### WORK TO BE COMPLETED
Your answer should hold exactly the lines below from the line with "Объясните детям, что" through the line with "1938 25¢ ICCS", both included, and no pictures at all.

### DATA SHOWN
■ ■ ■ ■ ■

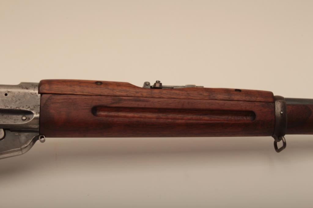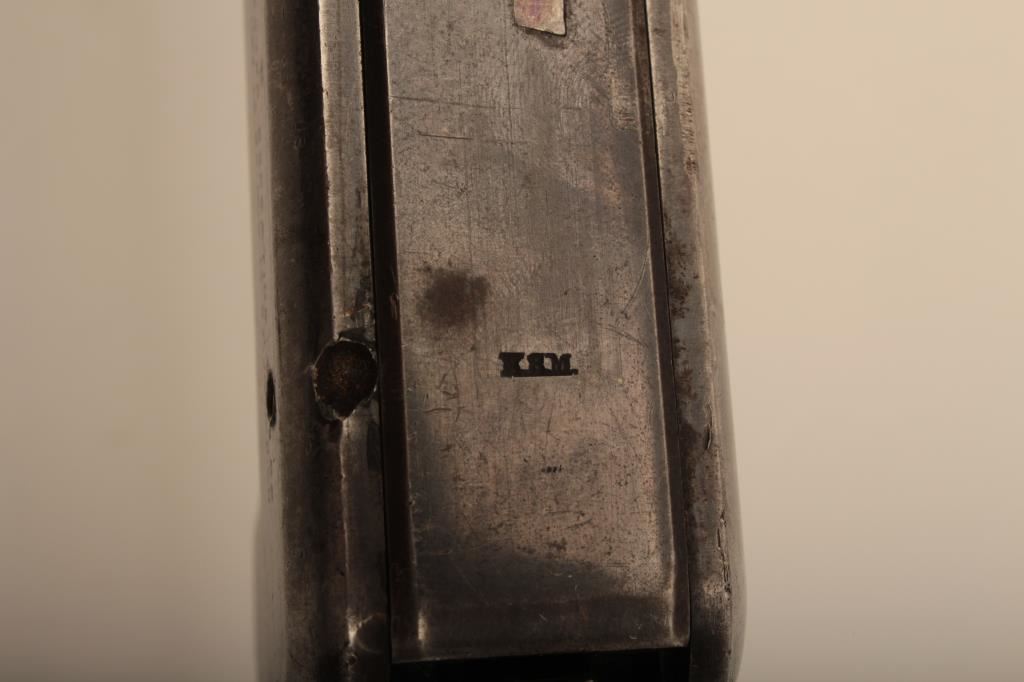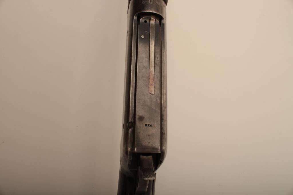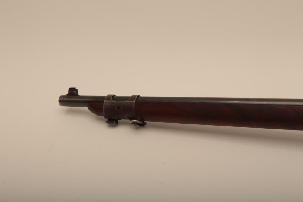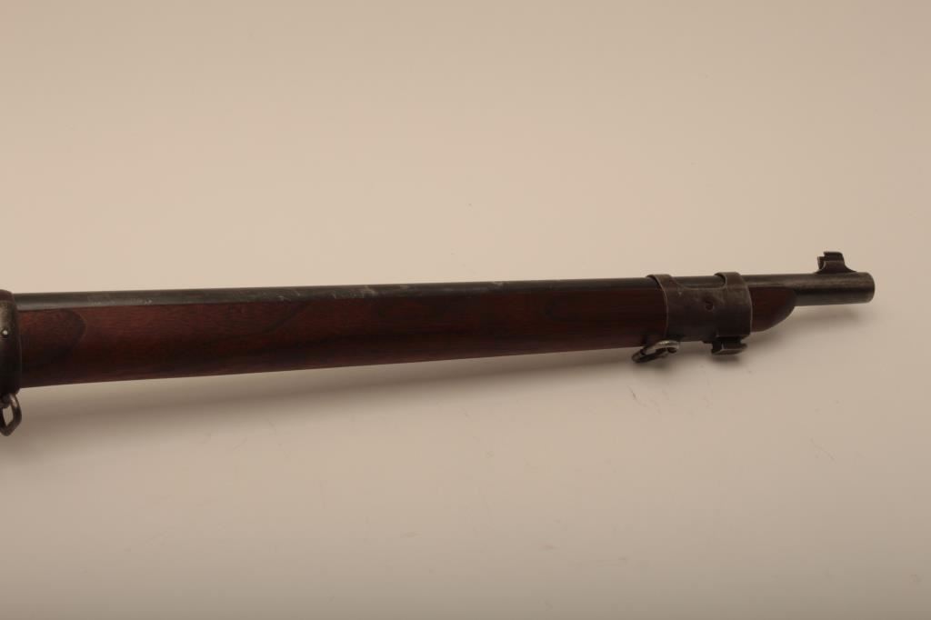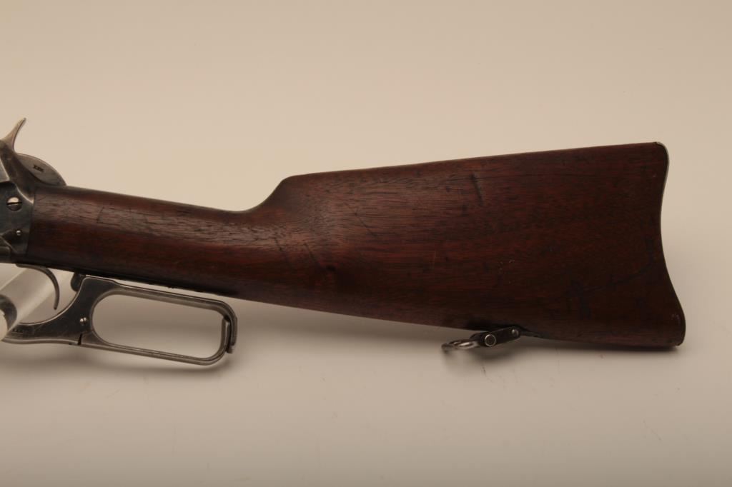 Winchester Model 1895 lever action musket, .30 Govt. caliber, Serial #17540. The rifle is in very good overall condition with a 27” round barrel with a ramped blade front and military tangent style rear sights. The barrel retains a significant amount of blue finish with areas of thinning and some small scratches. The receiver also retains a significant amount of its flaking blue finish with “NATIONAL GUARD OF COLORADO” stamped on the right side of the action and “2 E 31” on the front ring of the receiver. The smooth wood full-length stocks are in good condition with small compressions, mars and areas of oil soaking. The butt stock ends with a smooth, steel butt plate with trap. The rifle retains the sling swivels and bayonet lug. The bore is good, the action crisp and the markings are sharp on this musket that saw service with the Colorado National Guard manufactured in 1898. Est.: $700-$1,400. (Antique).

■ ■ ■ ■ ■

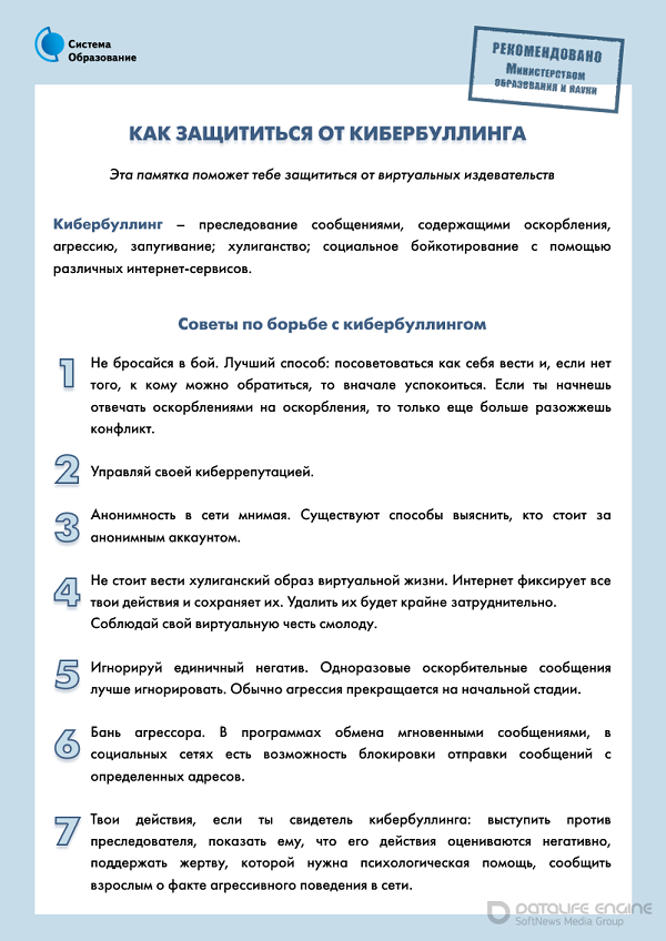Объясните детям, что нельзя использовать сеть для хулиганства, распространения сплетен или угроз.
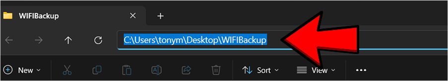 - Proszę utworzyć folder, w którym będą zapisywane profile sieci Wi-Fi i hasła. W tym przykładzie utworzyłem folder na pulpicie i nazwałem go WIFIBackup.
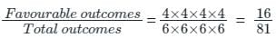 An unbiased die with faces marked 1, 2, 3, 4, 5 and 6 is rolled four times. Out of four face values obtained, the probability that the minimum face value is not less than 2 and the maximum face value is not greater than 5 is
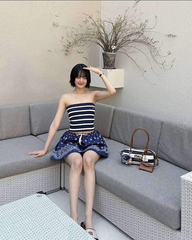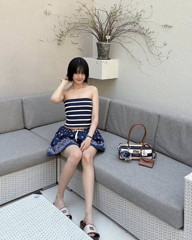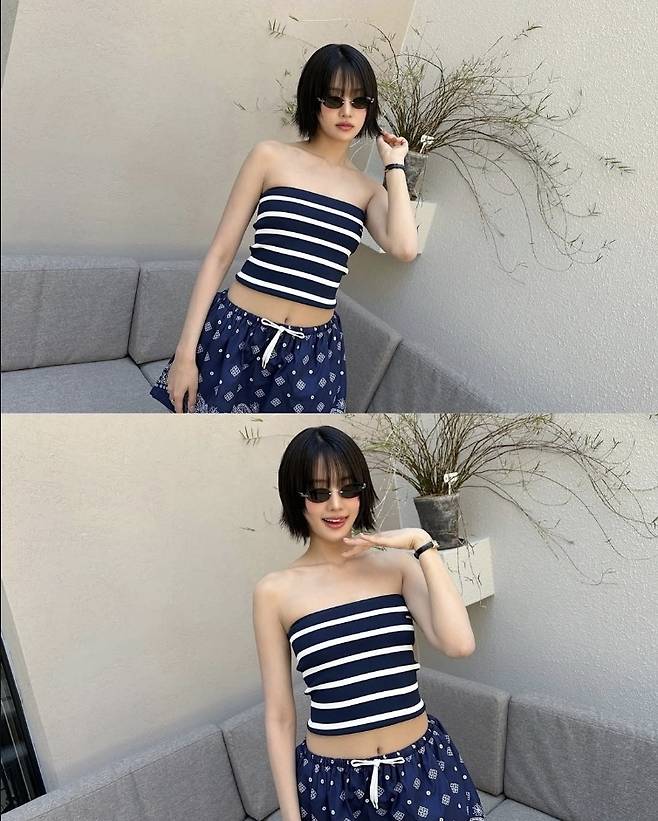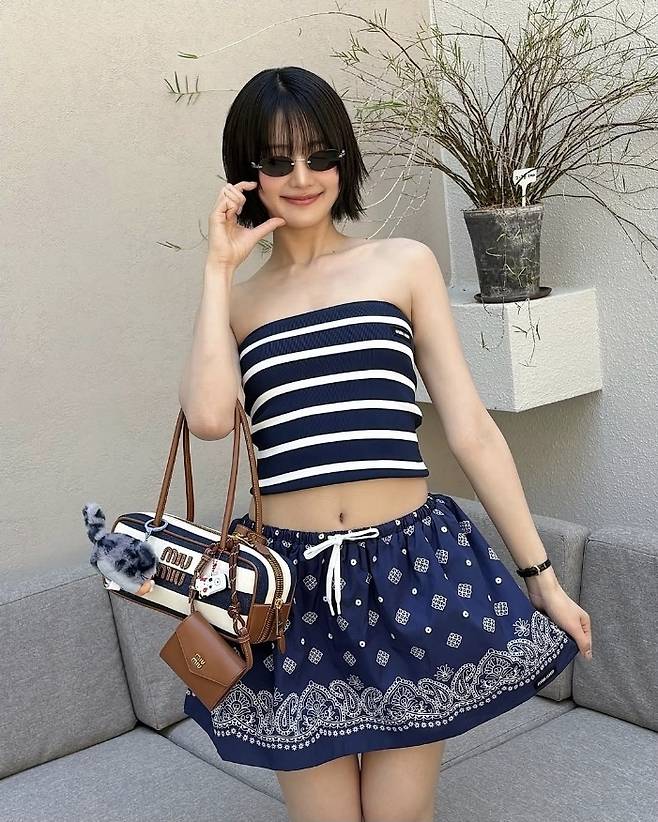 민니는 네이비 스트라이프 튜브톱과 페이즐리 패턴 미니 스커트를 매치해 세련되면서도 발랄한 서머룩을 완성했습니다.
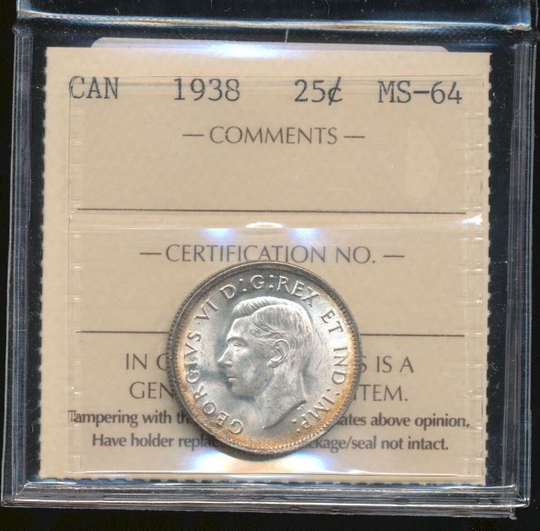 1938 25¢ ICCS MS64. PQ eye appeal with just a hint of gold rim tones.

■ ■ ■ ■ ■

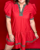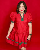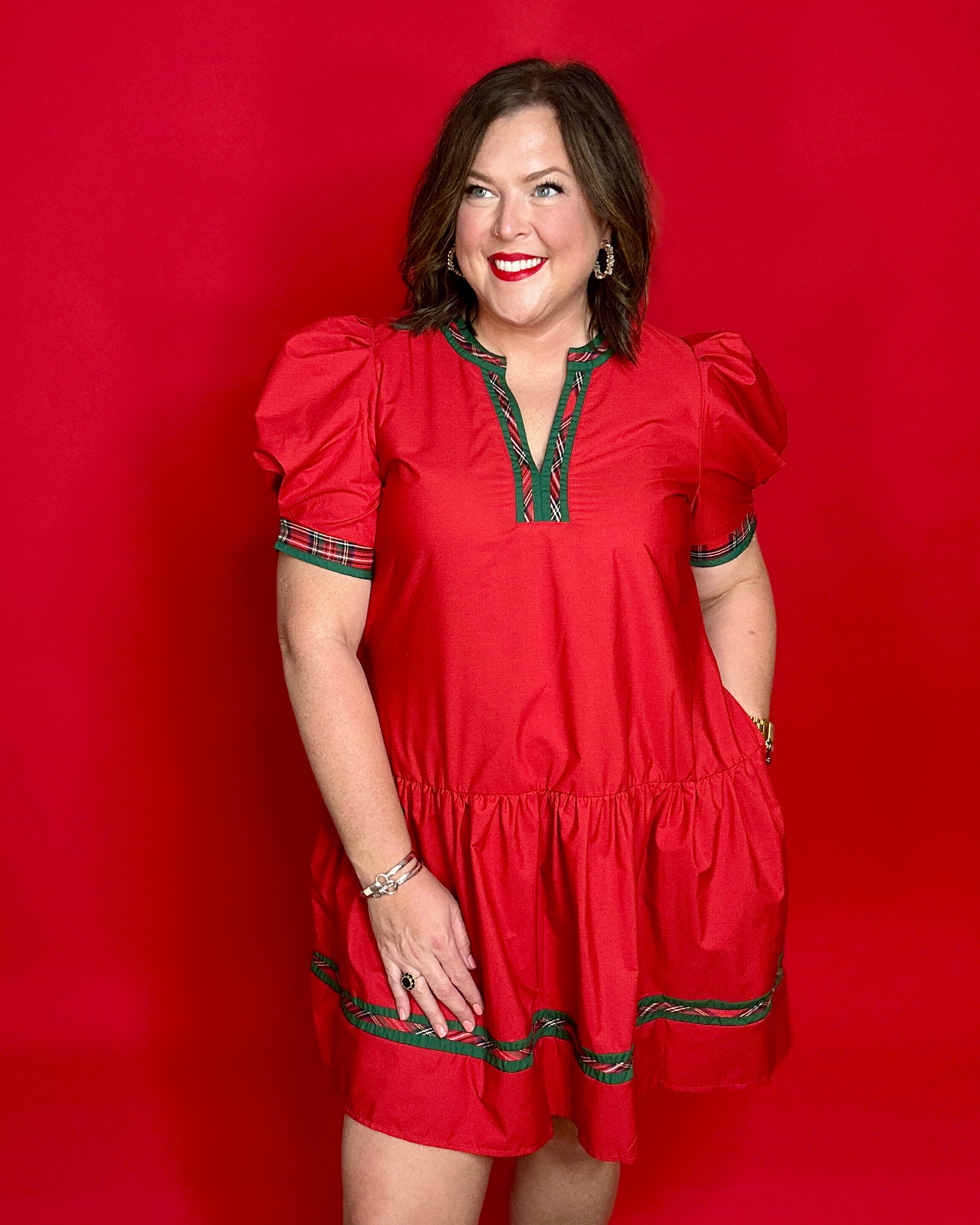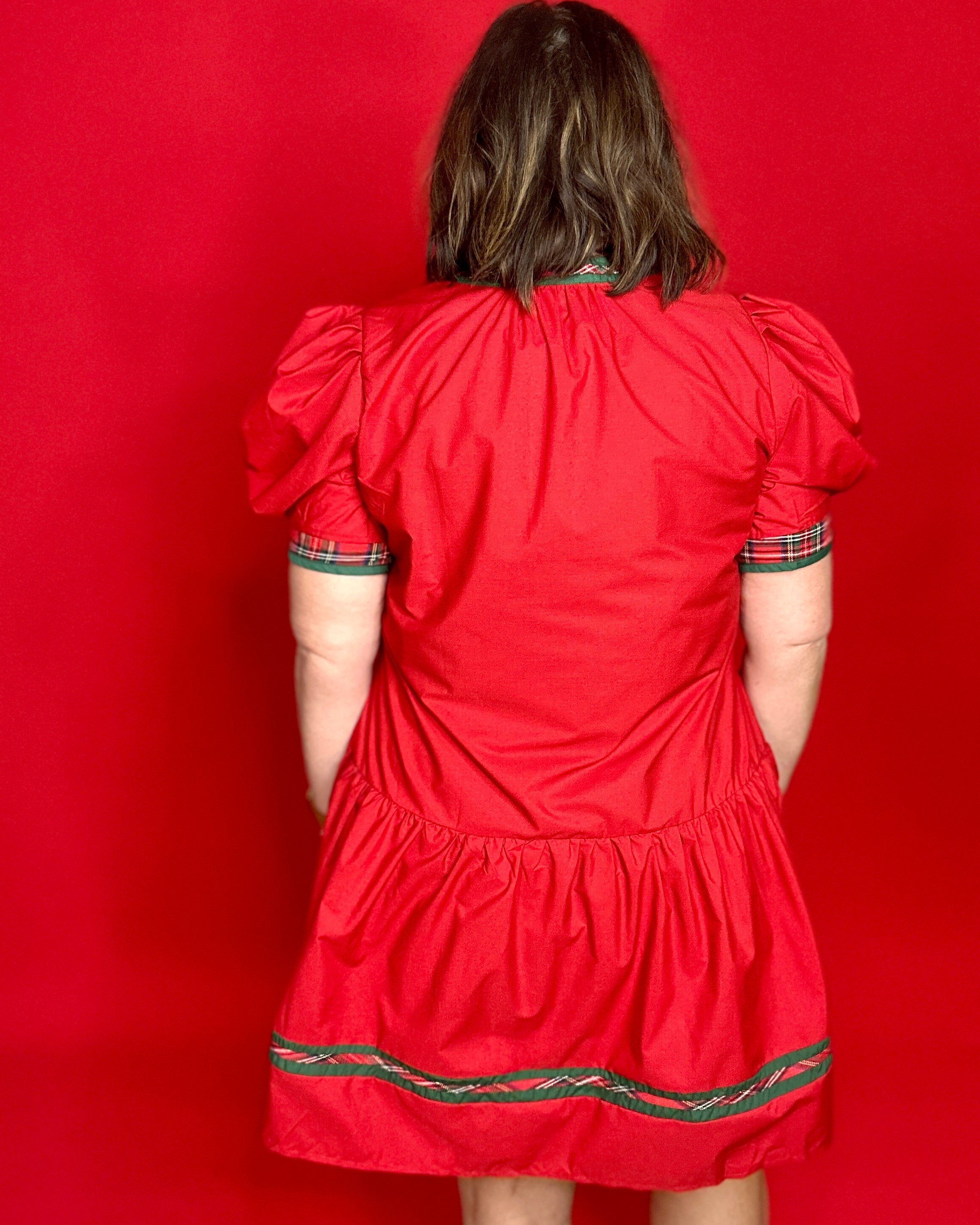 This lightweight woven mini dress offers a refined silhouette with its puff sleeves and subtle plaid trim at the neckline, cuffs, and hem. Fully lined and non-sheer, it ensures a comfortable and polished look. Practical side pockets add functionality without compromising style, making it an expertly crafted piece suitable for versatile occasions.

■ ■ ■ ■ ■

### RESULT OF THIS TASK
Объясните детям, что нельзя использовать сеть для хулиганства, распространения сплетен или угроз.
 - Proszę utworzyć folder, w którym będą zapisywane profile sieci Wi-Fi i hasła. W tym przykładzie utworzyłem folder na pulpicie i nazwałem go WIFIBackup.
 An unbiased die with faces marked 1, 2, 3, 4, 5 and 6 is rolled four times. Out of four face values obtained, the probability that the minimum face value is not less than 2 and the maximum face value is not greater than 5 is
 민니는 네이비 스트라이프 튜브톱과 페이즐리 패턴 미니 스커트를 매치해 세련되면서도 발랄한 서머룩을 완성했습니다.
 1938 25¢ ICCS MS64. PQ eye appeal with just a hint of gold rim tones.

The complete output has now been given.